The emission of ultrasound waves from an infusion catheter delivering the plasminogen activator is an interesting new adjunct to catheter-directed thrombolysis. Reports have emerged indicating that an infusion catheter with ultrasound transducers built into the infusion end of the catheter accelerates thrombolysis.49, 50, 51, 52 Ultrasound enhancement of the fibrinolytic activity of tissue plasminogen activator has been observed in vitro.53, 54, 55 This effect is the result of clot fibrin fragmentation, increasing exposed fibrin surface and thereby allowing greater tPA binding to fibrin due to its larger available surface area.56, 57 In vivo models58 and clinical trials59 are now underway to assess the potential value of ultrasound enhancement of thrombolysis for the management of acute DVT.
A patient presenting with phlegmasia cerulea dolens two days after laparotomy (Fig. 2) illustrates the advantage of using segmental pharmacomechanical thrombolysis and ultrasound-accelerated catheter-directed thrombolysis in order to shorten treatment duration and limit exposure of the thrombolytic agent, yet maximizing the chance of a successful result.


Fig. 2
(A, B) Ascending phlebogram of a patient presenting with phlegmasia cerulea dolens of his left leg. Phlebogram shows extensive venous thrombosis of the femoral vein inclusive of the iliac vein which extends to the junction with the vena cava. Not shown is thrombus in the posterior tibial and popliteal veins. The patient was treated with segmental pharmacomechanical thrombolysis. (C) The Trellis catheter (Bacchus Vascular, Santa Clara, CA) is in place with balloons inflated. Segmental pharmacomechanical thrombolysis successfully lysed clot (D) and restored patency to the iliofemoral venous system.
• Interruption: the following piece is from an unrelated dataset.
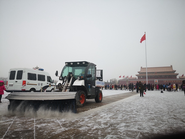 北京環(huán)衛(wèi)集團(tuán)工作人員在天安門廣場進(jìn)行除雪作業(yè)。(央廣網(wǎng)發(fā) 溫瑩瑩攝)

The posterior tibial and popliteal thrombosis was treated with ultrasound-accelerated thrombolysis using the EKOS LysUS system (EKOS Corp, Bothell, WA). (E) The EKOS catheter was inserted into the posterior tibial vein at the ankle and advanced into the popliteal vein. (F–H) Completion ascending phlebography demonstrates complete clot lysis from the posterior tibial vein to the vena cava. The patient's leg normalized and he became asymptomatic.
Thrombolysis is effective in restoring venous patency and has become safer with the direct intrathrombus infusion and adjunctive mechanical techniques. As technology continues to improve and as direct clot-dissolving pharmacologic agents are developed,60, 61 lytic infusion times should considerably shorten and complication rates will be significantly reduced.
Recommendations for Management of Patients with Iliofemoral DVT
The general treatment strategy for patients with acute iliofemoral DVT is summarized in the algorithm illustrated in Fig. 3. Few patients need to be treated as an emergency; however, all patients are immediately anticoagulated, placed in snug, long-leg, multilayered compression bandages extending from the base of the toes to the upper thigh, and treated with leg elevation.62 Patients are encouraged to ambulate following anticoagulation. When not ambulating, patients are in bed with their legs elevated.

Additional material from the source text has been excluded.